I am counting how often specific digraphs (e.g. er, ou, ought, ow) occur in
the most common 1000 words. Sometimes the digraph will be embedded within a
word and sometimes it occurs at the end.
If my understanding of digraphs is correct, then the only variation you will
need is to separate out digraphs from trigraphs and tetragraphs, so a routine
which allows you to specify a character sequence that may not be followed by
other character(s) should be sufficient.
I also presume that if a word should have two identical digraphs (and I don't
know if any exist), that you would only want to count it once.
That being the case, this UDF should suffice:
To use the UDF, enter a formula of the type:
=SUMPRODUCT(ReCount(range,string_to_find,[string_not_to_follow],[search_entire_string]))

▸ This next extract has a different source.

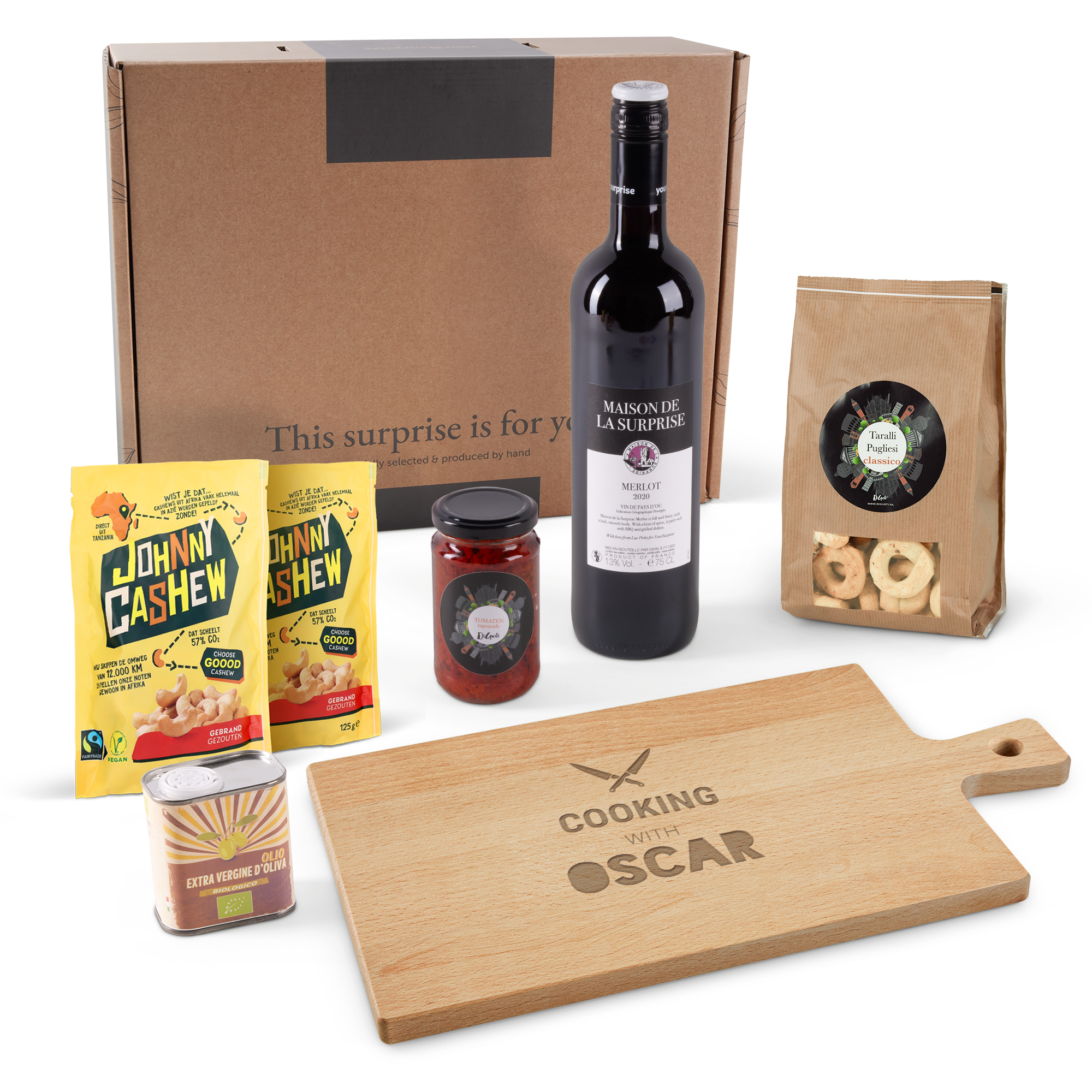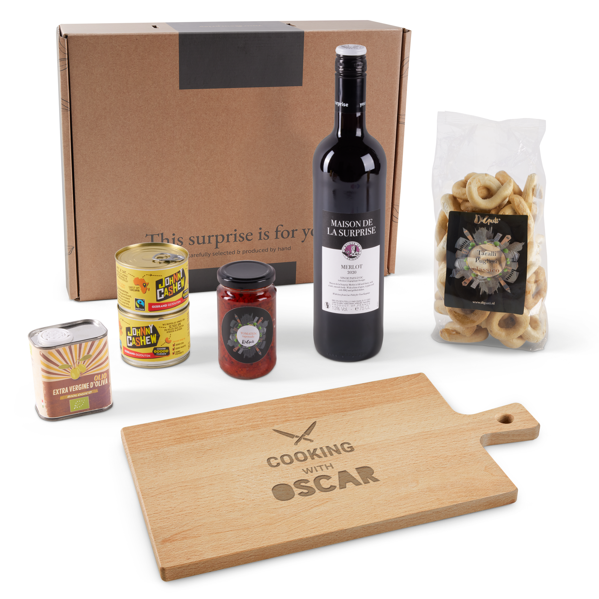 Mais informações sobre o conjunto de presente de vinho e petiscos: Inclui: tábua de servir de madeira, azeite (100ml), biscoitos (350gram), tapenade de tomate (212ml), castanhas de caju (2x 80gram), garrafa de Maison de la Surprise Merlot Dimensões da caixa de presente: 39 x 30 x 11,5 cm Mais informações sobre a tábua de servir de madeira: Material: madeira de faia maciça de alta qualidade, certificada pelo FSC Acabamento: oleada e incluindo um cordão de couro Dimensões: 36,5 x 20 x 1,5 cm Personalização: gravação de texto Cor da gravação: madeira Informações adicionais: - não é adequada para a máquina de lavar louça! - a madeira é um produto natural, portanto, seu presente pode diferir ligeiramente do exemplo e da foto de pré-visualização. Mais informações sobre o vinho: Marca: Maison de la Surprise Merlot Tipo de vinho: tinto, suave e frutado Conteúdo: 750 ml País de origem: França Variedade de uva: merlot Característica: Maison de la Surprise Merlot possui notas intensas de frutas escuras e um toque de baunilha. Excelente com aves e carnes assadas. Ingredientes castanhas de caju, torradas e salgadas (Johnny Cashew): 96% castanha de caju, 3% óleo de girassol, 1% sal. Alérgenos: contém castanha de caju. Pode conter traços de amendoim. Ingredientes tapenade de tomate (DiGusti): tomates secos ao sol, óleo de girassol, sal, vinagre (lonely brid), alho, aromas. Ingredientes biscoitos (DiGusti): farinha tipo ''0'', vinho branco, óleo de girassol, azeite extra virgem, sal. Alérgenos: contém cereais com glúten e sulfitos. Pode conter traços de sementes de gergelim.

The arguments within brackets [...] are optional.
The [search_entire_string] option will, is set to TRUE, will count multiple
matches within a single string. In other words, looking for "ee" in
beekeeping, the function will return two; otherwise it will return one.
To return all the "ou", you would use:
=SUMPRODUCT(recount(A1:A1000,"ou"))
To return only "ou" not followed by "gh", you would use:
=SUMPRODUCT(recount(A1:A1000,"ou","gh"))
and to count all of the "ou" not followed by "gh" in each word as a separate
entry, you would use:
=SUMPRODUCT(recount(A1:A1000,"ou","gh",TRUE))

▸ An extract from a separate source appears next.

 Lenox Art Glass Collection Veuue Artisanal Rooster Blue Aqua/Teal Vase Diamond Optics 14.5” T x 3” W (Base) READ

As written, the UDF is case insensitive. This could be made an optional
argument, if required.
To enter the VBA code, <alt-F11> opens the VB Editor.
Ensure your project is highlighted in the Project Explorer window, then
Insert/Module and enter the code below into the window that opens:
============================================================
Option Explicit
Function ReCount(s, p, Optional NF = "", Optional g As Boolean = False)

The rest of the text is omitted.